The Renewable Northwest Project estimates that the region could acquire 420 average megawatts over ten years at a net cost of approximately $10-14 million per year over the financial life of the plants assuming 30 average megawatt projects. An additional 50 average megawatts of small scale distributed renewable energy technologies, such as solar water heaters, micro-wind turbines and photovoltaic systems for remote locations can be cost-effectively developed.

The soonest the dams can be bypassed with the speediest imaginable decision, funding and implementation process is five years. Five years is plenty of time in which to develop the resources to meet the need to replace the power from the dams. The draft Biological Opinion gives the region even more time to prepare for power replacement. And right now the region is embarked on intensive resource development to meet an immediate power deficit. The conservation resource is being developed by utilities like Seattle City Light, by the Bonneville Power Administration through its Conservation and Renewables Rate Discount and its Conservation Augmentation acquisition program and through new requirements in the Montana and Oregon utility restructuring statutes for investment in energy conservation and renewable energy. As noted above wind and geothermal power is being developed at a quickening pace.

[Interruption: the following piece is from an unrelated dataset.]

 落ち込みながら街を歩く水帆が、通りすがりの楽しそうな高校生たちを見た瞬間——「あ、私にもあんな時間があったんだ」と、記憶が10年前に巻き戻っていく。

At the same time the region is getting ready to develop major new gas fired generation. In the four states almost 10,000 megawatts of gas combustion turbines have been sited or proposed. In Idaho, 500 MW have been sited or proposed, and 270 MW from the Rathdrum project are expected to come on line within one year. In Oregon, more than 1,800 megawatts are sited or proposed, and 1,300 of those are expected to come on line within three years. Montana has a proposal for a 500 megawatt plant in Butte. Washington has over 7,000 megawatts sited or proposed with between 1600 and 2800 likely to be built in the next five to ten years. Indeed, some state agency energy experts are wondering if Washington's position on the transmission and pipeline grids combined with its less stringent siting and emissions regulations may be setting it up to become an energy farm for California and the Southwest.

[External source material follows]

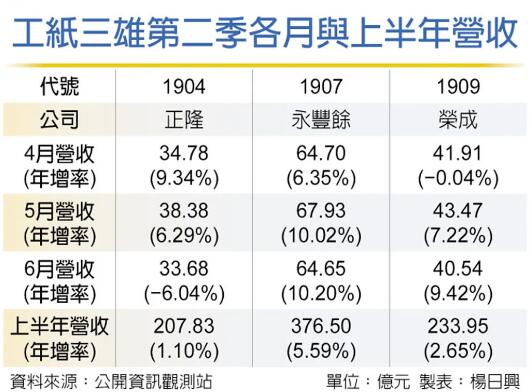 臺(tái)灣造紙三雄營(yíng)運(yùn)穩(wěn)健 據(jù)了解,相較去年,工紙市況在今年逐步好轉(zhuǎn),第二季的整體需求又優(yōu)于首季。大陸工紙需求、價(jià)格亦持續(xù)改善,造紙三雄進(jìn)入第二季后業(yè)績(jī)有更明顯改善。 榮成紙業(yè):自結(jié)6月?tīng)I(yíng)收40.54億元、年增9.42%;上半年?duì)I收233.95億元、年增2.65%,稅前凈利歸屬母公司業(yè)主1.55億元。 正隆紙業(yè):6月?tīng)I(yíng)收33.68億元、年減6.04%,上半年?duì)I收207.83億元、年增1.1%。 永豐余:6月?tīng)I(yíng)收64.65億元、年增10.2%,上半年?duì)I收376.5億元、年增5.59%。 尤其是6月大陸市場(chǎng)在下游紙箱廠補(bǔ)庫(kù)存拉貨動(dòng)能提振下,工紙廠的出貨狀況整體優(yōu)于市場(chǎng)預(yù)期,庫(kù)存有效降低,亦帶動(dòng)在大陸有工紙產(chǎn)能布局的榮成、永豐余6月?tīng)I(yíng)運(yùn)有較大增長(zhǎng)。 此外,永豐余也受益于多角化經(jīng)營(yíng)推動(dòng),其主要事業(yè)體6月?tīng)I(yíng)收多有成長(zhǎng),其旗下的華紙6月?tīng)I(yíng)收17.25億元、年增7.27%,上半年?duì)I收106.89億元、年增1.64%。 樂(lè)觀看待下半年市場(chǎng) 對(duì)于下半年工紙市況,正隆紙業(yè)看好傳統(tǒng)旺季到來(lái)疊加去塑意識(shí)持續(xù)擴(kuò)大紙包裝需求,樂(lè)觀認(rèn)為整體營(yíng)收將穩(wěn)健成長(zhǎng)。 永豐余指出,將持續(xù)垂直整合大陸工紙與紙器資源,將規(guī)模效益釋放,看好下半年大陸工紙價(jià)格會(huì)陸續(xù)回穩(wěn),商品需求也會(huì)回暖。 相關(guān)法人表示,下半年將陸續(xù)有中秋、大陸十一長(zhǎng)假、雙11電商節(jié)、圣誕節(jié)等檔期助推工紙市場(chǎng),看好工紙產(chǎn)能與需求將逐季暢旺,下游有望擴(kuò)大補(bǔ)庫(kù)存,使整體供需趨于平衡。 臺(tái)灣工紙三雄先在上半年維持住穩(wěn)健業(yè)績(jī)與增長(zhǎng),預(yù)計(jì)下半年工紙價(jià)格回穩(wěn)、庫(kù)存狀況改善后,工紙景氣與企業(yè)營(yíng)運(yùn)有望再有更大反彈。 注:文中所有貨幣均為新臺(tái)幣

The NW Energy Coalition will be working to ensure that cost-effective conservation and renewables are first on regional energy resource priority lists. The Coalition will also push for strong emissions regulation and for full mitigation of carbon dioxide and other green house gases from the new natural gas plants. We hope this mitigation and the continuing good news in the development of wind, geothermal, solar, fuel cells and other clean renewable resources will make the region's dependence on natural gas as short and clean as possible. None-the-less, we definitely expect significant increases in gas generation in the near term.

The intense investment in gas, wind and geothermal plants and in conservation is most likely to produce at least a sufficiency of power to replace the contribution of the four Lower Snake dams. I have been working in electricity in the Northwest for over 20 years, and my educated guess is that the region will be in a power surplus in five years and the issue of power replacement will not be important in the implementation of dam bypass.

I do not mean to discount the difficulties regional electricity suppliers are facing at the moment. The NW Energy Coalition was appalled when the Bonneville Power Administration reduced spill to aid juvenile migration not once but several times this spring and summer in order to meet power shortages in California and in the region. BPA reduced spill at Bonneville Dam and at the Dalles below the minimums of the current Biological Opinion because the region and California energy suppliers have been asleep at the wheel. They relied on a new and volatile wholesale market to provide power at low prices for more than five years. Northwest power suppliers could have taken a lesson from the Northeast and the Midwest which have already felt the wrath of the semi-deregulated market, but they ignored that warning. When the market spiked as markets will, it was the fish that were sacrificed to this human failure.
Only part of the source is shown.